Fitch Affirms Kimberly Clark's IDR at 'A'; Outlook Stable

Fitch Ratings has affirmed Kimberly-Clark Corporation's Long-term Issuer Default Rating (IDR) at 'A' and the Short-term IDR at 'F1'. The Rating Outlook is Stable. A full list of our rating actions follows at the end of this release.

KEY RATING DRIVERS

Scale, Leadership in Stable Sector: KMB's scale, with approximately $19 billion in revenues, leading market shares in tissue-based personal care products and strong liquidity, are key underpinnings to the rating. The firm is a global hygiene company with approximately 50% of net sales and 60% of operating profit (before Corporate & Other expenses) generated in North America. Its principal products such as Huggies diapers, Depends for adult incontinence and Andrex toilet paper occupy leading positions in most markets.

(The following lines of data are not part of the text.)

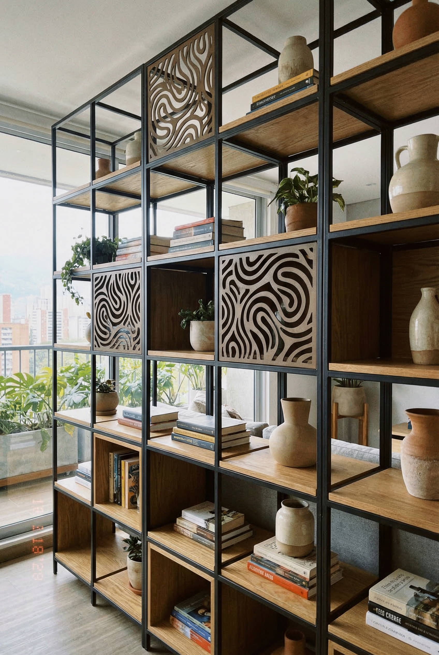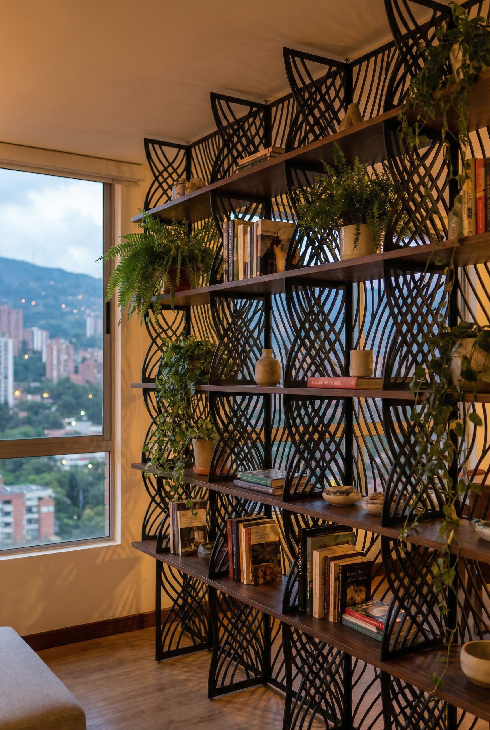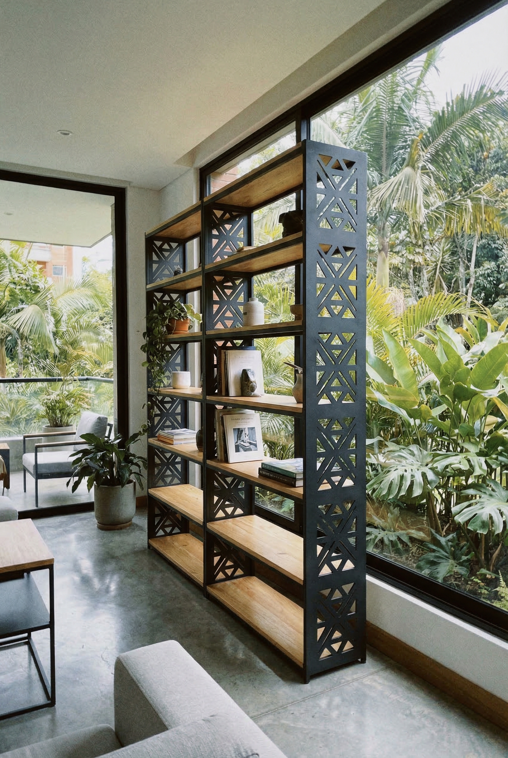 Nuestras bibliotecas están diseñadas para transformar cualquier espacio en un ambiente sofisticado y organizado. Combinamos metal trabajado con precisión, madera y diseños de corte láser que aportan personalidad y carácter. Cada pieza busca equilibrar funcionalidad y estética, creando muebles ideales para libros, objetos decorativos y obras de arte, pensados para hogares modernos que valoran el diseño.
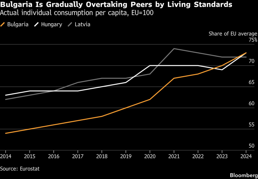 Бугарија постигна голем напредок откако се приклучи на ЕУ во 2007 година. Животниот стандард, мерен преку потрошувачка по глава на жител прилагодена на локалните цени, сега е речиси на исто ниво со оној на Унгарија. Земјата со 6,4 милиони жители го усвои еврото на 1 јануари, и покрај обидите на Радев да го одложи членството со референдум.
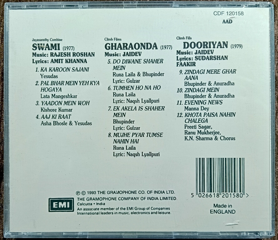| Music Direction Of Gharonda | : | Jaidev |
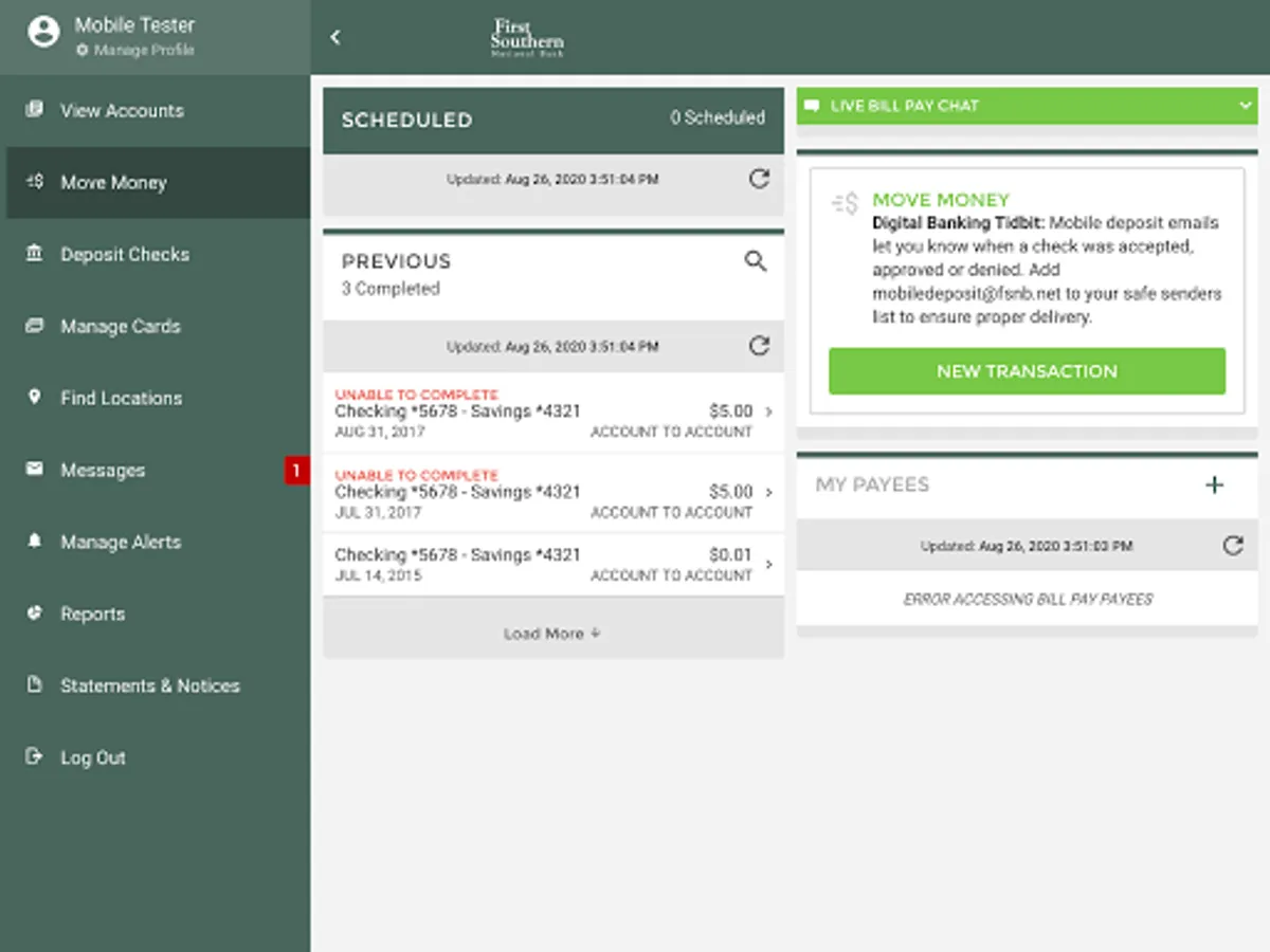 Turn your mobile phone into your own, personal First Southern banker! First Southern National Bank’s Mobile App allows you to manage your accounts from your mobile device quickly and securely – anytime you’d like.
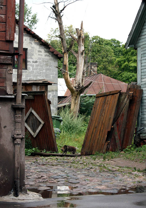 Немаленький проход в заборе котичек себе организовал:)
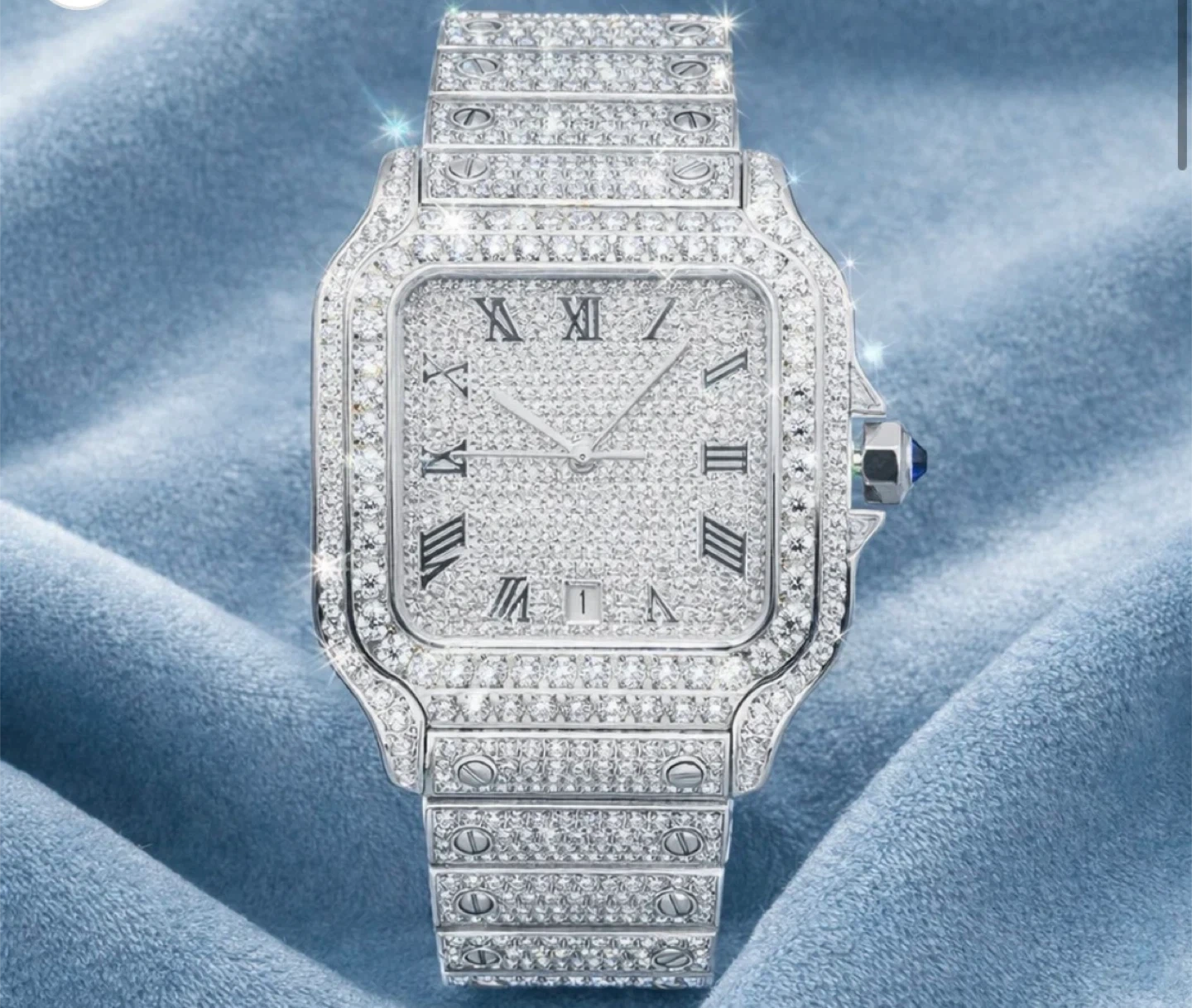 The stainless steel band is also encrusted with sparkling stones. This timepiece adds a touch of luxury to any outfit!
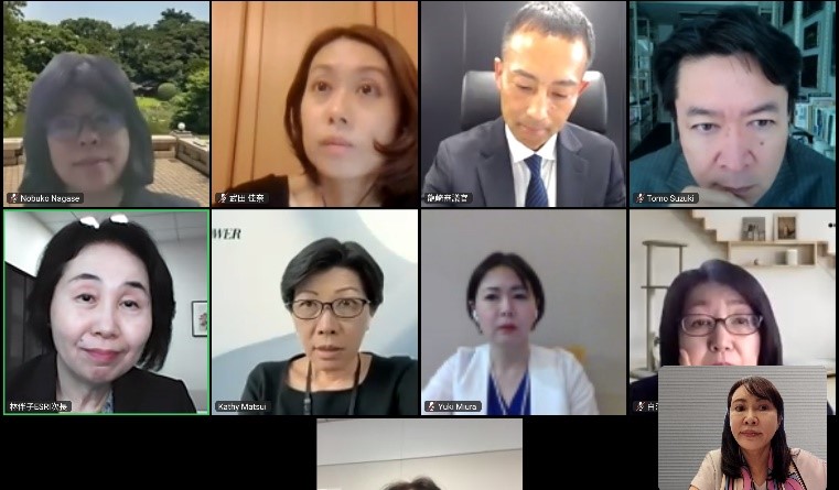 勉強会では、経済産業省より女性起業家支援パッケージについて、ロンドン証券取引所グループ(LSEG)リフィニティブ・ジャパン株式会社執行役員三浦氏より金融業界における女性の活躍について、大和証券サステナビリティ・ソリューション推進部長根岸氏よりアジアにおける女性労働参加率について、説明がなされました。
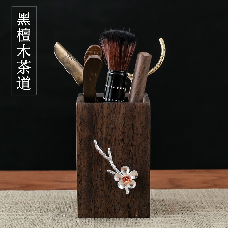 黒檀木花梨木茶道六君子筒樽紅木彫り木筆筒実木黄銅茶道収納卸売り
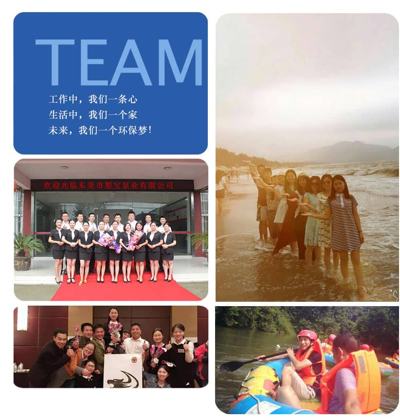 團(tuán)隊(duì)風(fēng)采》》東莞市塑寶泵業(yè)有限公司擁有強(qiáng)大的生產(chǎn)研發(fā)團(tuán)隊(duì)、經(jīng)驗(yàn)豐富的售后服務(wù)團(tuán)隊(duì)及營(yíng)銷型人才,公司員工擁有大專以上學(xué)歷,團(tuán)隊(duì)保持“年輕、活力、向上”的風(fēng)貌,迎合了東莞市塑寶泵業(yè)有限公司對(duì)“污水環(huán)保夢(mèng)”的追求,公司注重人才培養(yǎng)策略,為員工設(shè)立人性化的福利制度,并定期為員工報(bào)名高等培訓(xùn)課程,見證了“學(xué)習(xí)永不止步”的人才理念。
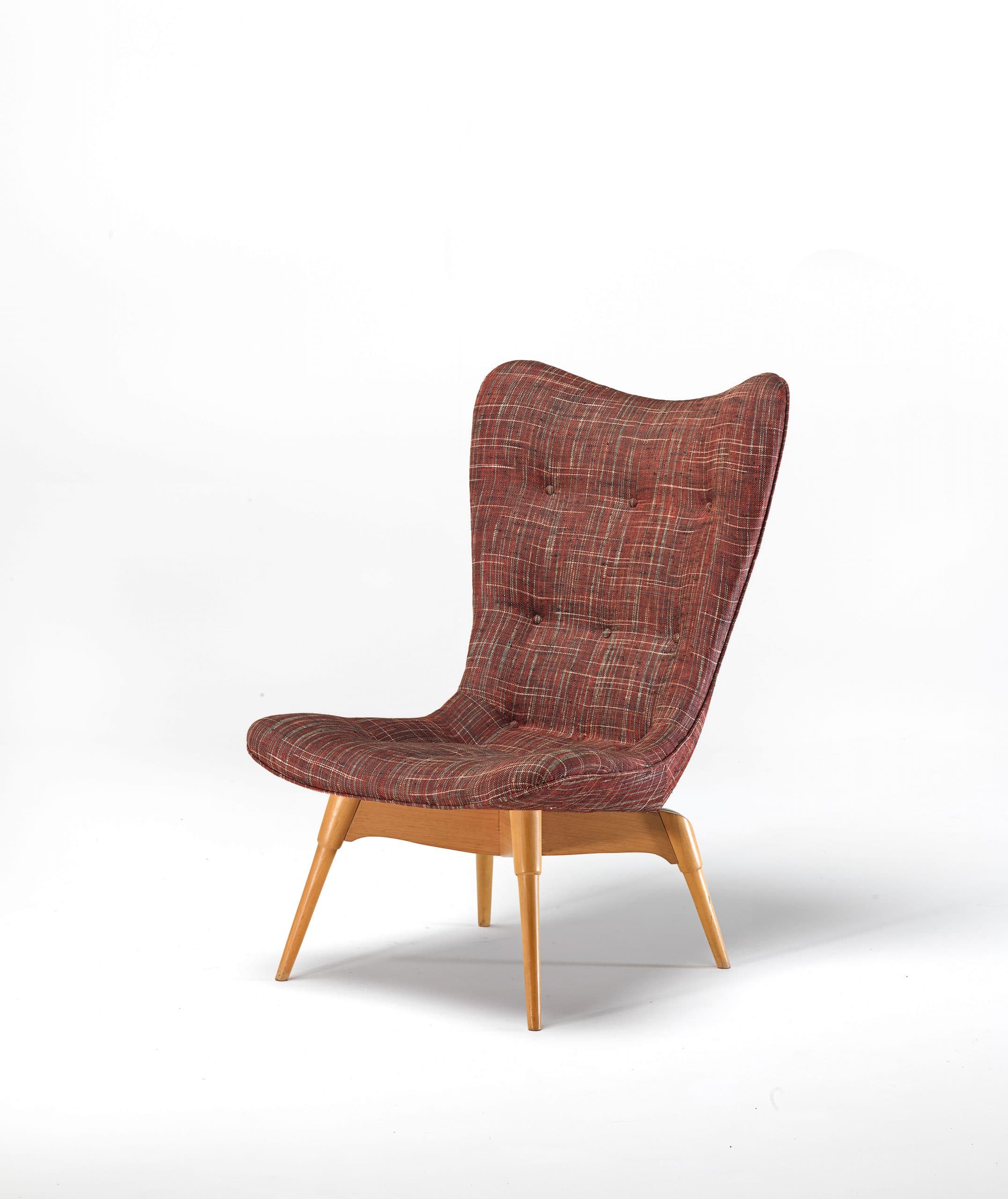 Grant Featherston (designer and maker), R152 Contour chair (1950) designed, hardwood, plywood, linen, (other materials), Purchased 1955
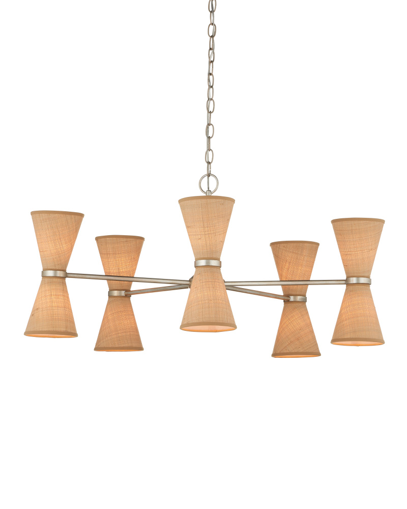 Continuing the exploration of natural materials, the Pennyworth Chandelier features shades made of grasscloth on a silver chandelier. The shades form cones that connect as they narrow and mirror each other. The wrought iron frame, finished in contemporary silver leaf, contrasts and forms a warm/cool interplay with the design. Completing the composition is a chain in a contemporary silver finish. Adjustable from 23.5" to 91.5" with use of included chain/rod kit/cable. If your space calls for a longer drop, additional chain/rods/cable is available for purchase.
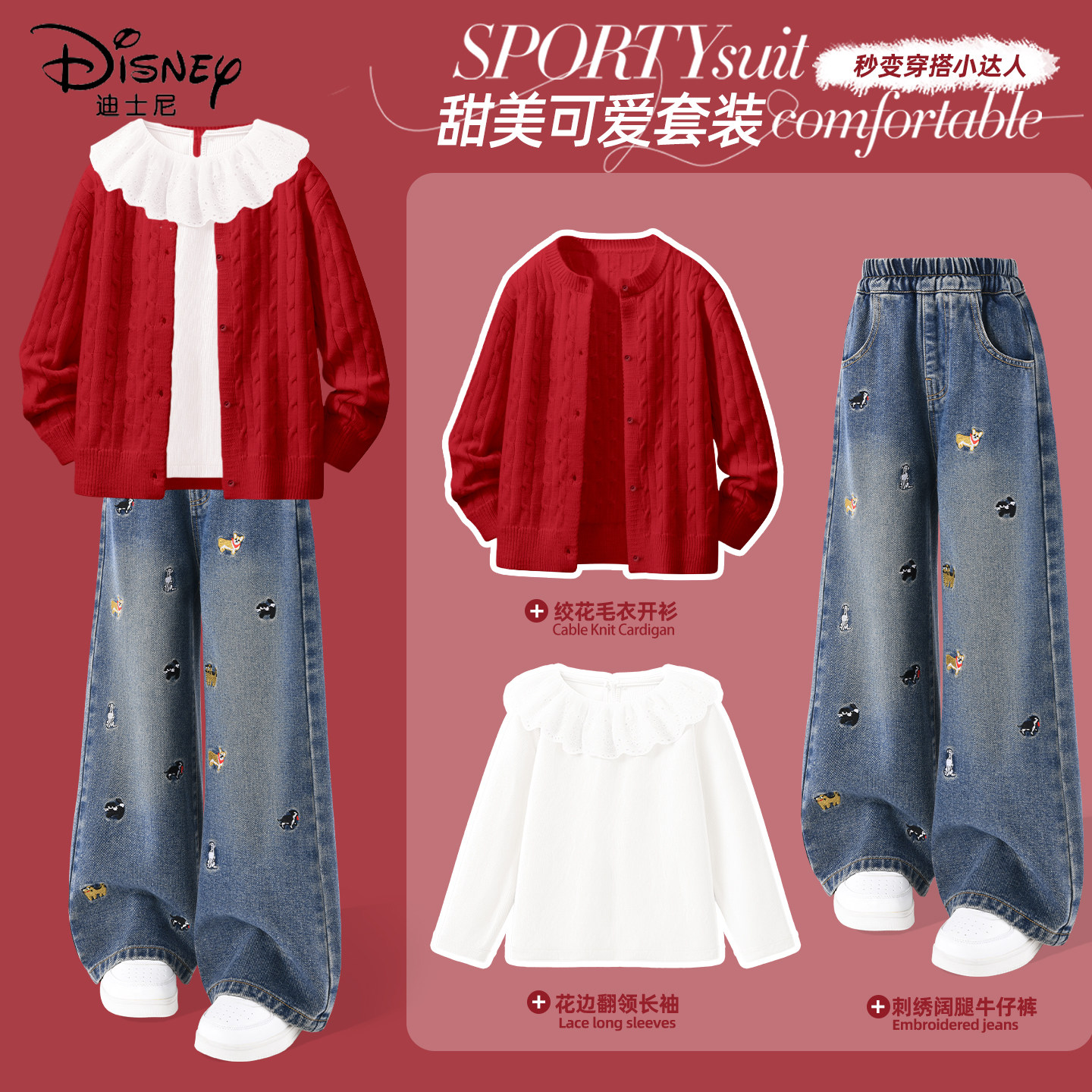 迪士尼女童春装套装2026新款红色过年毛衣休闲好看薄款儿童三件套
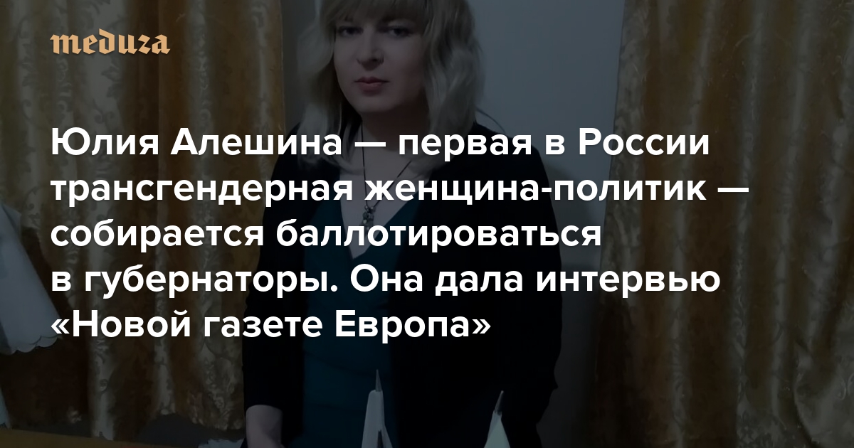 «Пусть это будет моим протестом» Юлия Алешина — первая в России трансгендерная женщина-политик — собирается баллотироваться в губернаторы. Она дала интервью «Новой газете Европа»
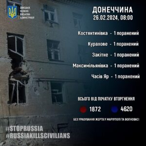 Всего с 24-го февраля 2022-го года на Донетчине от рук российских оккупантов погибли 1872 ни в чем не повинных людей, 4620 – получили ранения, и это без страшной статистики из некоторых захваченных РФ городов, где во время варварских российских бомбежек и штурмов погибли тысячи невинных людей. Как сегодня уже сообщалось, на оккупированной территории заявили о ранениях 3-х человек, повреждениях в захваченной части региона десяти домов и двух неизвестных “инфраструктурных объектов”.
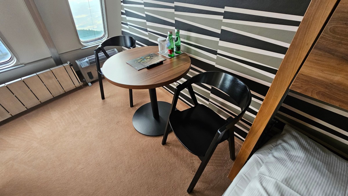 Skosená okna v ubytovacím pokoji s krásným výhledem, stůl a židle umístěné u okna v původním retro stylu.

Consistently Solid Operating Metrics: The company's' organic growth rate has been in the 3% to 6% range in each of the past 10 years. Importantly, volume growth was positive in all but one of those years and provided the bulk of the 4% organic top line growth in 2015. Fitch expects organic growth to remain in the 3% to 4% range in the next two years though pricing is likely the larger factor in 2016 when late 2015 pricing actions anniversary.

Importantly, ongoing and intermittent restructuring programs, pricing in some markets, and exiting low margin regions and product lines has led to sequential improvement in EBITDA margin from 18.9% in 2011 to 22% in 2015 despite strong pressure from F/X over the past two years. Fitch anticipates that EBITDA margins will improve modestly in 2016 with the benign commodity environment but should flatten or decline modestly if commodity costs increase.

Commitment to Rating Profile: KMB's management has publicly stated its commitment to operating within the 'A' category. Historically, discretionary activities such as share repurchases have been scaled back when cash flows experience pressure or when the company has done fill-in acquisitions. For example, the company suspended share repurchases and increased the contribution to its pension plan by $716 million in 2009 to partially close the large funding gap that developed after the financial crisis of 2008. Fitch also notes that given the pressure on profits from negative F/X which is continuing into 2016, the company lowered its share repurchase target for 2016 to $600 million to $900 million after repurchasing an average of nearly $1.5 in shares over the past four years.

Fitch expects leverage to be maintained below 2x given the company's commitment to maintaining strong credit protection measures.

Intermittent Input Cost Pressures: Commodities used in the manufacturing process, such as resin, pulp, and energy, experience periods of price volatility that can pressure margins. The near term commodity outlook is benign and likely to be modestly deflationary given the rapid decline in oil prices. However, longer term, oil and other input costs will generally remain volatile and could pressure margins on price increases.

KEY ASSUMPTIONS

--Low-single digit revenue declines in 2016 with underlying revenue growth in the 3% - 4% range over the next two years. Negative currency impact of 6% in 2016 is in line with management's guidance.

--Modest 30bps improvement in EBITDA to 22.3% in 2016 due to the realization of cost savings programs and a favorable input cost environment.

--Capital expenditures of $1 billion annually.

--Free cash flow ranging from $800-900 million annually, after neutral to modestly benefit from swings in working capital.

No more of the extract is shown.